## [EXERCISE DIRECTIONS]
A word-for-word copy of the entries is the goal; leave out the pictures.

* * * * * * * * *

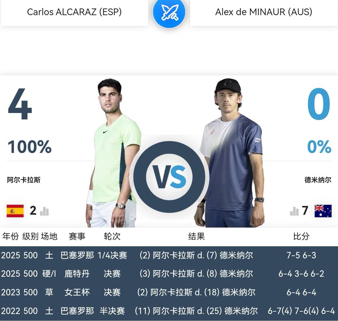 This season, they faced each other twice. Alcaraz won 2-1 in the ATP 500 Rotterdam final, earning his first indoor hard court title. In the ATP 500 Barcelona quarterfinals, Alcaraz defeated De Minaur in straight sets, improving their head-to-head to 4-0. Now at the Year-End Finals group stage, with Alcaraz attending for the third time and De Minaur for the second, Alcaraz should be able to dominate without giving his opponent a chance.
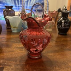 FENTON ART GLASS PINK CHIFFON OPALESCENT RIB OPTIC BASKET. UPPER EDGE AND HANDLE ARE VIOLET. DESIGNED BY KIM PLAUCHE$145Chesterfield, VA
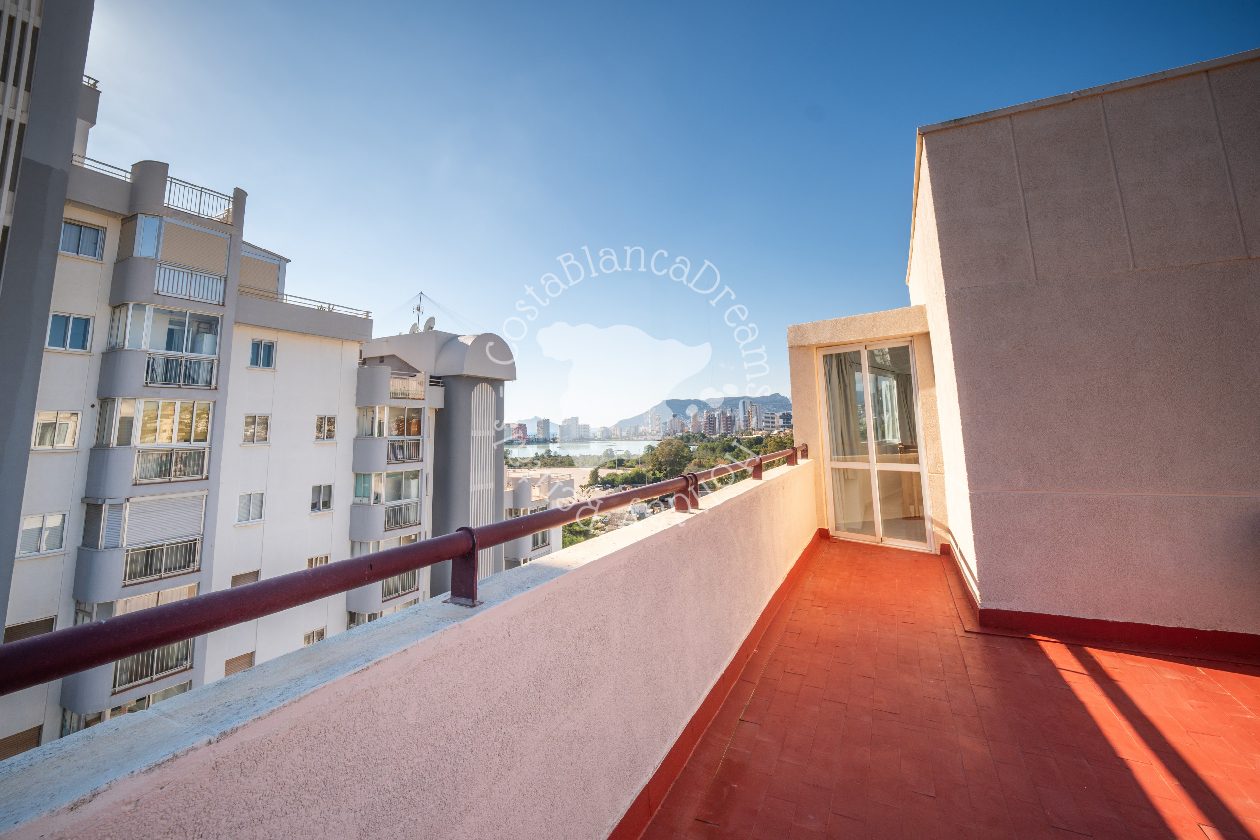 Desde el salón se accede directamente al balcón privado, donde se pueden disfrutar de las bonitas vistas al Peñón de Ifach, el famoso símbolo natural de Calpe.
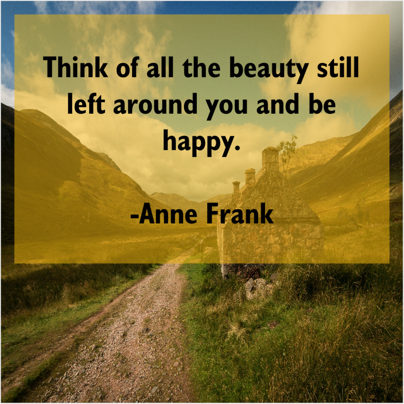 Anne Frank Anne Frank – Think of all the beauty… March 14, 2019 admin “Think of all the beauty still left around you and be happy.”-Anne Frank
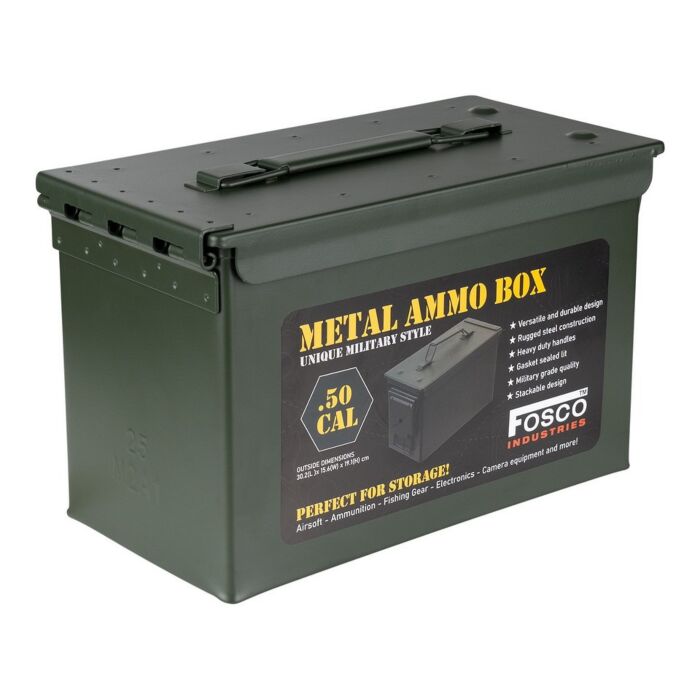 Metalen munitiekist 50 Cal. NIEUW. Perfect voor het opbergen van airsoft materiaal, munitie, hengelsportartikelen, elektronica, camera-uitrusting en meer. Kenmerken:

* * * * * * * * *

## [ANSWER FOR THIS EXERCISE]
 This season, they faced each other twice. Alcaraz won 2-1 in the ATP 500 Rotterdam final, earning his first indoor hard court title. In the ATP 500 Barcelona quarterfinals, Alcaraz defeated De Minaur in straight sets, improving their head-to-head to 4-0. Now at the Year-End Finals group stage, with Alcaraz attending for the third time and De Minaur for the second, Alcaraz should be able to dominate without giving his opponent a chance.
 FENTON ART GLASS PINK CHIFFON OPALESCENT RIB OPTIC BASKET. UPPER EDGE AND HANDLE ARE VIOLET. DESIGNED BY KIM PLAUCHE$145Chesterfield, VA
 Desde el salón se accede directamente al balcón privado, donde se pueden disfrutar de las bonitas vistas al Peñón de Ifach, el famoso símbolo natural de Calpe.
 Anne Frank Anne Frank – Think of all the beauty… March 14, 2019 admin “Think of all the beauty still left around you and be happy.”-Anne Frank
 Metalen munitiekist 50 Cal. NIEUW. Perfect voor het opbergen van airsoft materiaal, munitie, hengelsportartikelen, elektronica, camera-uitrusting en meer. Kenmerken:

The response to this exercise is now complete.